What the task requires -
Go through the listing that follows and write it out exactly. Drop the pictures.

Information shown -

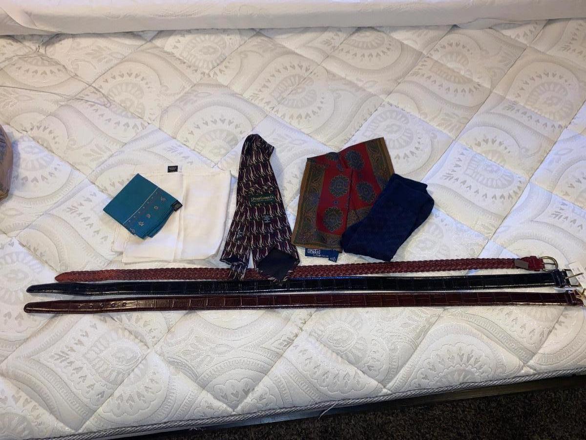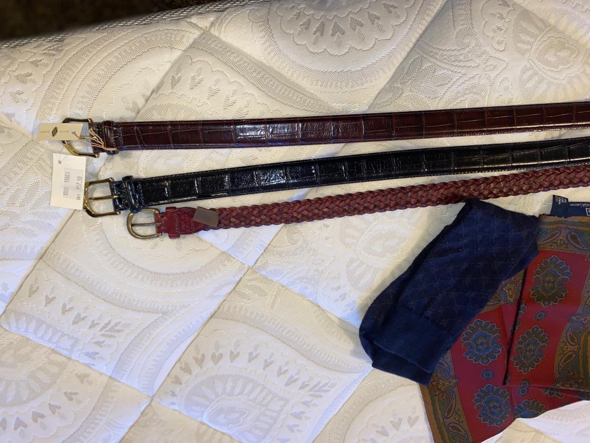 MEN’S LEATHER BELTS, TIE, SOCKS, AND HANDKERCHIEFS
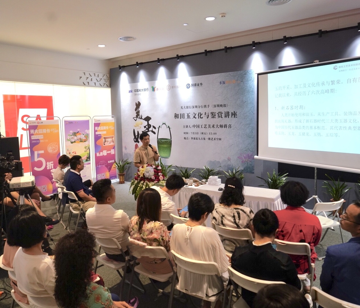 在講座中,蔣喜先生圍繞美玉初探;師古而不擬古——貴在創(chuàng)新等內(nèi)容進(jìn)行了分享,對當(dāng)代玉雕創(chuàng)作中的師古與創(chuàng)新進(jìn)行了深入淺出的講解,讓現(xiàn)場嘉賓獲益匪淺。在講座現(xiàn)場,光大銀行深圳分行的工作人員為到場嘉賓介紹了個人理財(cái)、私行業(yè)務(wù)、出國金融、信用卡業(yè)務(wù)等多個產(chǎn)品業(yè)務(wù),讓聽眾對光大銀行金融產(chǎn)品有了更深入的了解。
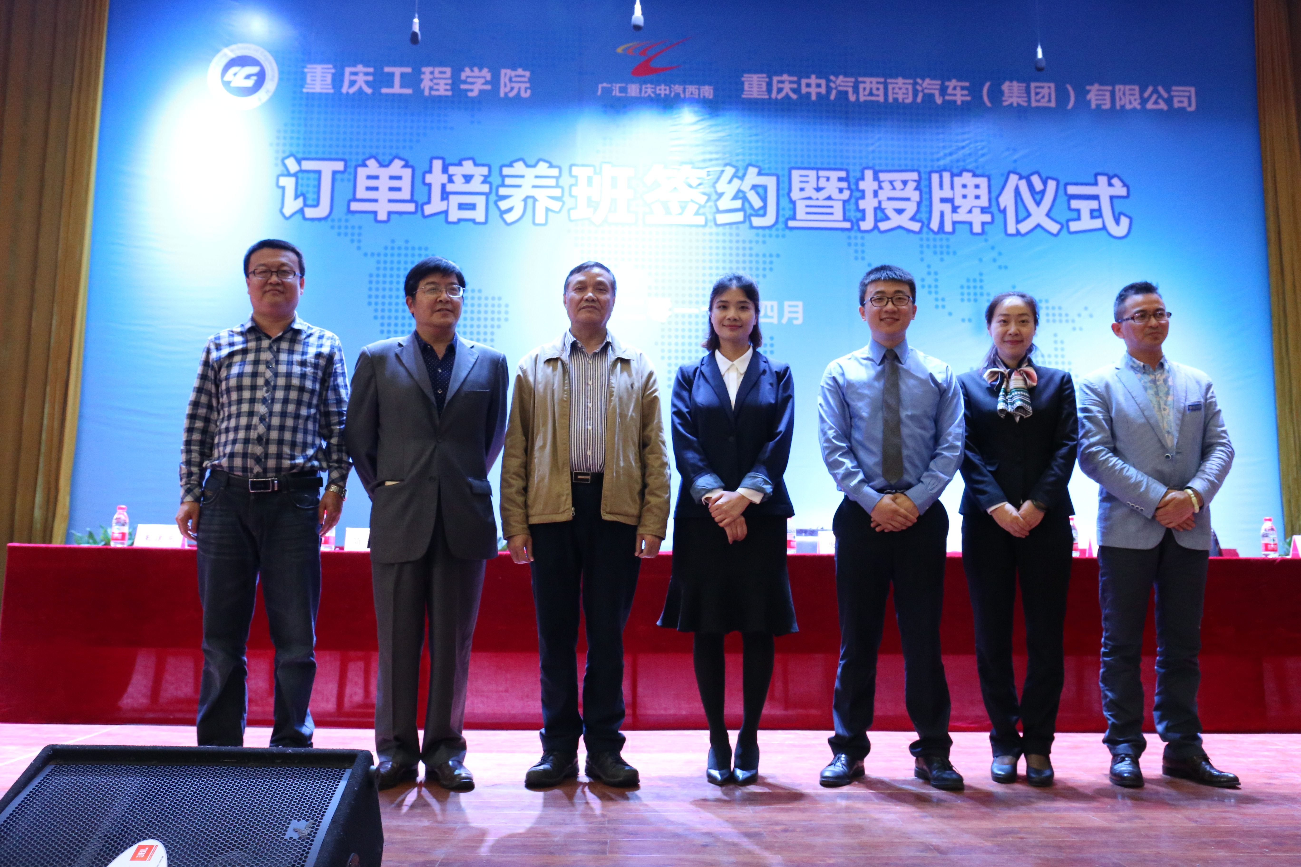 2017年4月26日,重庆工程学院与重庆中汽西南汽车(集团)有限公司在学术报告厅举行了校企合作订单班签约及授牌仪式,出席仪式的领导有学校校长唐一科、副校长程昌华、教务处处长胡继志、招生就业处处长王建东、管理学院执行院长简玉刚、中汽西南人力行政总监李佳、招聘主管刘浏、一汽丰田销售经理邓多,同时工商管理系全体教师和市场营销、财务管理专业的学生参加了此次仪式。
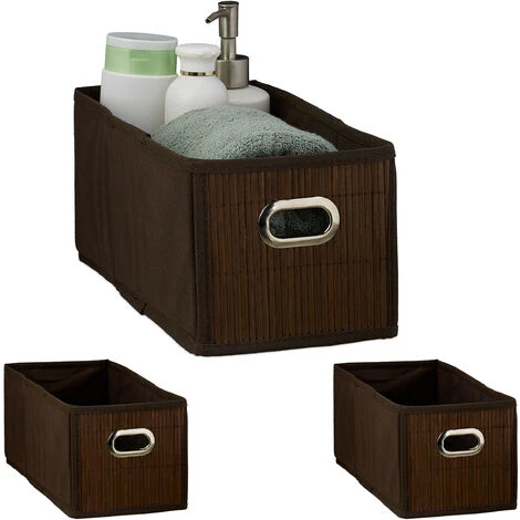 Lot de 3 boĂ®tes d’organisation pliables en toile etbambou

Exercise output -
 MEN’S LEATHER BELTS, TIE, SOCKS, AND HANDKERCHIEFS
 在講座中,蔣喜先生圍繞美玉初探;師古而不擬古——貴在創(chuàng)新等內(nèi)容進(jìn)行了分享,對當(dāng)代玉雕創(chuàng)作中的師古與創(chuàng)新進(jìn)行了深入淺出的講解,讓現(xiàn)場嘉賓獲益匪淺。在講座現(xiàn)場,光大銀行深圳分行的工作人員為到場嘉賓介紹了個人理財(cái)、私行業(yè)務(wù)、出國金融、信用卡業(yè)務(wù)等多個產(chǎn)品業(yè)務(wù),讓聽眾對光大銀行金融產(chǎn)品有了更深入的了解。
 2017年4月26日,重庆工程学院与重庆中汽西南汽车(集团)有限公司在学术报告厅举行了校企合作订单班签约及授牌仪式,出席仪式的领导有学校校长唐一科、副校长程昌华、教务处处长胡继志、招生就业处处长王建东、管理学院执行院长简玉刚、中汽西南人力行政总监李佳、招聘主管刘浏、一汽丰田销售经理邓多,同时工商管理系全体教师和市场营销、财务管理专业的学生参加了此次仪式。
 Lot de 3 boĂ®tes d’organisation pliables en toile etbambou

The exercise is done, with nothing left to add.